HOW TO COMPLETE THIS TASK:
Write out the lines below exactly, beginning at the one with "Intanto migliaia di" and stopping after the one with "Socha Octahedral Body"; the pictures are not copied.

EXTRACTED INFORMATION:
***
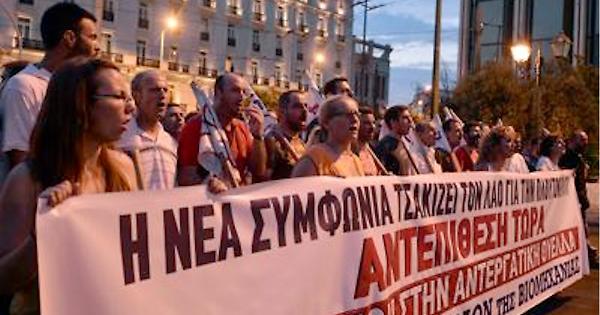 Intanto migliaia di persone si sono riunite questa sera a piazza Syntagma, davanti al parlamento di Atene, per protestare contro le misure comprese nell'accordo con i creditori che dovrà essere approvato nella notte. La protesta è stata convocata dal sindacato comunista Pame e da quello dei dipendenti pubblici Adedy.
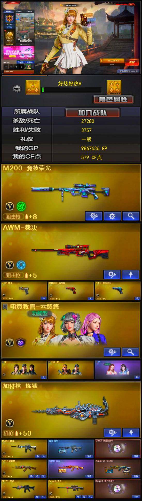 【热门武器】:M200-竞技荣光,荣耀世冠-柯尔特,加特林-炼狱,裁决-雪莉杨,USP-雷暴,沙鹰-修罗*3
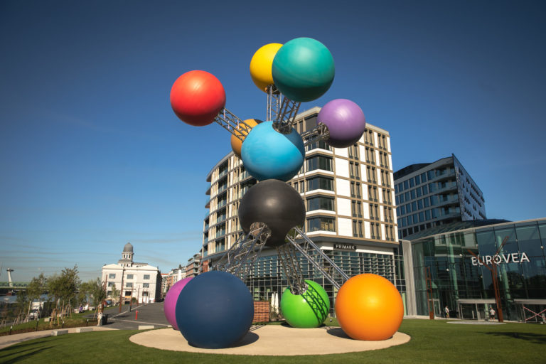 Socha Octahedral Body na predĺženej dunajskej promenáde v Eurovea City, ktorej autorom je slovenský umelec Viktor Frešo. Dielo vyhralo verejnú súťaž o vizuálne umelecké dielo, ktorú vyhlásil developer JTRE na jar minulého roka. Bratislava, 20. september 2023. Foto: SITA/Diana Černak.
***
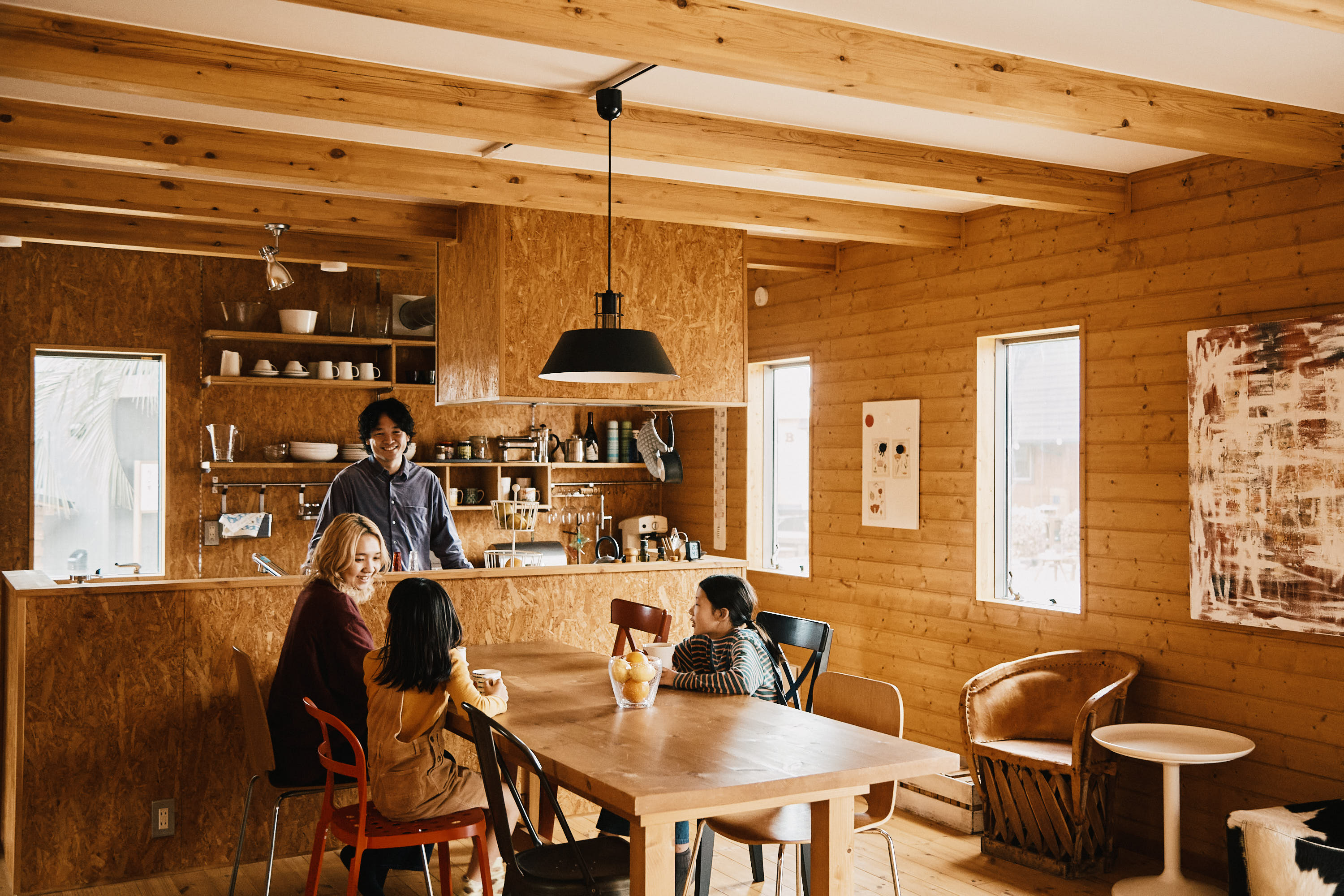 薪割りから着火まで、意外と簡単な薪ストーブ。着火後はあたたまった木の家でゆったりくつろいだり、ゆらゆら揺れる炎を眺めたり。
***
EXERCISE SOLUTION:
 Intanto migliaia di persone si sono riunite questa sera a piazza Syntagma, davanti al parlamento di Atene, per protestare contro le misure comprese nell'accordo con i creditori che dovrà essere approvato nella notte. La protesta è stata convocata dal sindacato comunista Pame e da quello dei dipendenti pubblici Adedy.
 【热门武器】:M200-竞技荣光,荣耀世冠-柯尔特,加特林-炼狱,裁决-雪莉杨,USP-雷暴,沙鹰-修罗*3
 Socha Octahedral Body na predĺženej dunajskej promenáde v Eurovea City, ktorej autorom je slovenský umelec Viktor Frešo. Dielo vyhralo verejnú súťaž o vizuálne umelecké dielo, ktorú vyhlásil developer JTRE na jar minulého roka. Bratislava, 20. september 2023. Foto: SITA/Diana Černak.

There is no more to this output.